Dataset entries:

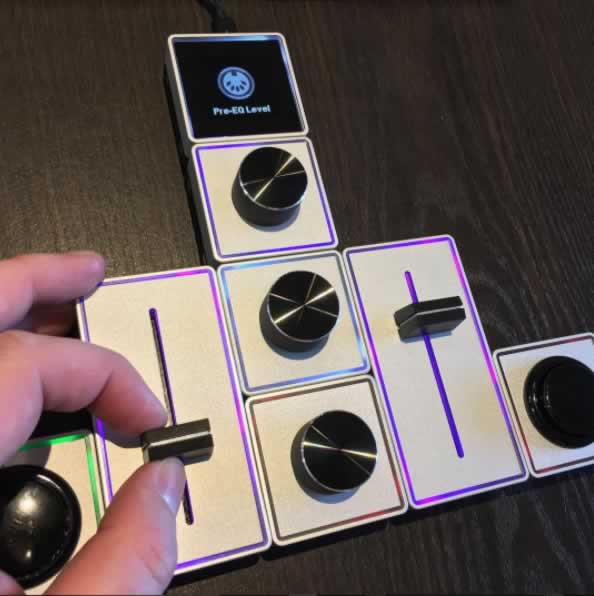 Sliders and dials are set up in MIDI CC mode and I'm using [ctlin] with [qswitch2] to filter each controller's data.
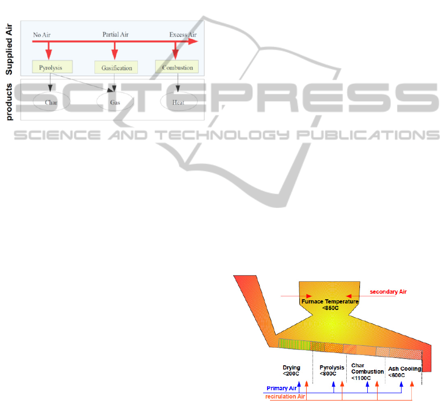 pyrolysis/gasification, char oxidation and ash take
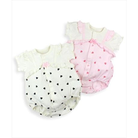 [型番:35343120]【綿100%】Si・Shu・Non(シシュノン)の「ハートフリルロンパース」は小さなハートの総柄にフリルがかわいいポイント!柔らかいやさしいジャガード天竺素材で、股下の中心はお着替えしやすいよう配色ボタンです。ギフトや出産祝いにもおすすめです。
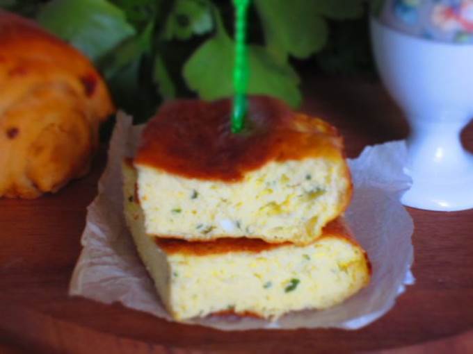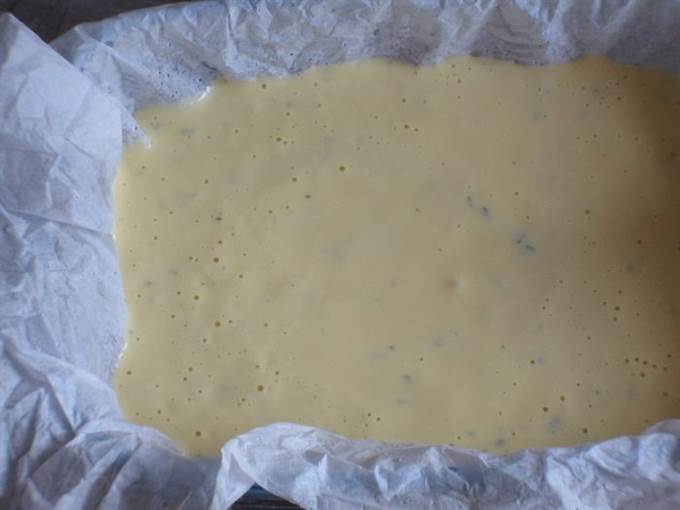 Пергамент намочить и хорошо отжать.Яичную смесь выложить в форму с пергаментом и запекать в разогретой до 180°С духовке 35 минут.
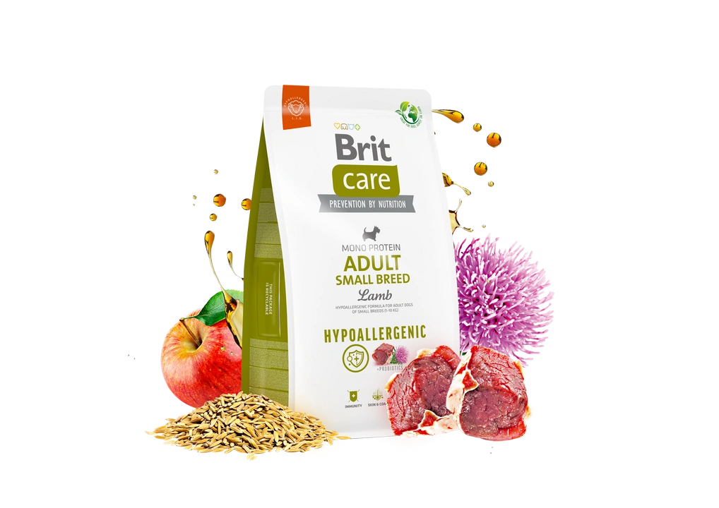 Brit Care Hypoalergenní receptura Jehněčí a rýže pro psy malých plemen (1 – 10 kg).

#### [TASK INSTRUCTIONS]
Without the pictures, give back every record precisely as shown.

#### [ANSWER]
 Sliders and dials are set up in MIDI CC mode and I'm using [ctlin] with [qswitch2] to filter each controller's data.
 pyrolysis/gasification, char oxidation and ash take
 [型番:35343120]【綿100%】Si・Shu・Non(シシュノン)の「ハートフリルロンパース」は小さなハートの総柄にフリルがかわいいポイント!柔らかいやさしいジャガード天竺素材で、股下の中心はお着替えしやすいよう配色ボタンです。ギフトや出産祝いにもおすすめです。
 Пергамент намочить и хорошо отжать.Яичную смесь выложить в форму с пергаментом и запекать в разогретой до 180°С духовке 35 минут.
 Brit Care Hypoalergenní receptura Jehněčí a rýže pro psy malých plemen (1 – 10 kg).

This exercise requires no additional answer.